Refer to go.gov.sg/gateway-overview for how to implement the SEGW and apply for a free SEGW Box.
Health checks
F&B establishments must conduct temperature screening and checks on visible symptoms for customers at entrances, and advise those with fever and/or who appear unwell to visit a doctor before turning them away. Those that only provide takeaway and/or delivery are not required to do so.
Individuals with temperatures above 38 degrees Celsius are considered to be having a fever. F&B establishments with seated diners in malls need not conduct temperature screening and checks on visible symptoms for customers if the mall is already doing so. They should however do so, if they operate outside the mall hours.

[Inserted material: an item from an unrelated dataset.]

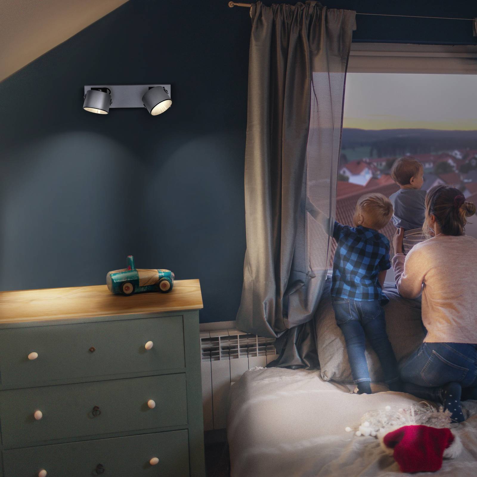 LEDVANCE LED stropní spot Pluto, ocel, dřevo, 2 světla, bílý, Obývací pokoj / jídelna, Ocel, dřevo, 4.8W, P: 29.8 cm, L: 9 cm, K: 10.8cm

Notable visible symptoms to look out for include: (a) coughing; (b) sneezing; (c) breathlessness; and (d) a runny nose.
Cleanliness and hygiene
F&B establishments must ensure that all employees, delivery personnel and other onsite personnel wear their masks properly at all times. Employees who eat or drink onsite must wear their masks immediately after doing so. Establishments should also ensure that on-site diners wear their masks before food is served and immediately after their meals, as well as when diners move around the establishment.
F&B establishments must ensure that common spaces and items, high-touch surfaces (e.g. counters, menus), interactive components (e.g. tablets, smart kiosks) as well as play areas for children/toddlers/infants are frequently cleaned/disinfected.
Communal amenities for self-service (e.g. drink dispensers and condiment stations) must not be used.
Self-service food samples are not allowed.
Hand sanitisers should be made available to employees and customers at common touchpoints (e.g. entry/exit doors, cashiers). Employees handling cash and other payment modes (e.g. credit cards) should clean or sanitise their hands before handling food and food packaging.
F&B establishments should put up clear signages to remind customers to comply with safe management requirements where applicable, and train and deploy service personnel to provide clear communication to customers on safe management measures.
F&B establishments should allow customers to use their own clean and reusable containers when ordering takeaways. This will help to reduce the amount of waste generated and ease the demand for disposable food containers.
Refer to Annex B for other recommended guidelines.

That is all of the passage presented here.